Politics is an extension of war by other means. Arguments are soldiers. Once you know which side you’re on, you must support all arguments of that side, and attack all arguments that appear to favor the enemy side; otherwise it’s like stabbing your soldiers in the back—providing aid and comfort to the enemy. People who would be level-headed about evenhandedly weighing all sides of an issue in their professional life as scientists, can suddenly turn into slogan-chanting zombies when there’s a Blue or Green position on an issue.
In artificial intelligence, and particularly in the domain of nonmonotonic reasoning, there’s a standard problem: “All Quakers are pacifists. All Republicans are not pacifists. Nixon is a Quaker and a Republican. Is Nixon a pacifist?”

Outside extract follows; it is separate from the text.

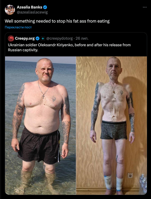 Азілія Бенкс поширила на своїй сторінці колаж із фото Олександра Кірієнка до і після полону. До цього реперка додала принизливий коментар: "Щось мало зупинити його товсту д*пу від їжі".

What on Earth was the point of choosing this as an example? To rouse the political emotions of the readers and distract them from the main question? To make Republicans feel unwelcome in courses on artificial intelligence and discourage them from entering the field?1
Why would anyone pick such a distracting example to illustrate nonmonotonic reasoning? Probably because the author just couldn’t resist getting in a good, solid dig at those hated Greens. It feels so good to get in a hearty punch, y’know, it’s like trying to resist a chocolate cookie.
As with chocolate cookies, not everything that feels pleasurable is good for you.
I’m not saying that I think we should be apolitical, or even that we should adopt Wikipedia’s ideal of the Neutral Point of View. But try to resist getting in those good, solid digs if you can possibly avoid it. If your topic legitimately relates to attempts to ban evolution in school curricula, then go ahead and talk about it—but don’t blame it explicitly on the whole Republican Party; some of your readers may be Republicans, and they may feel that the problem is a few rogues, not the entire party. As with Wikipedia’s NPOV, it doesn’t matter whether (you think) the Republican Party really is at fault. It’s just better for the spiritual growth of the community to discuss the issue without invoking color politics.
1And no, I am not a Republican. Or a Democrat.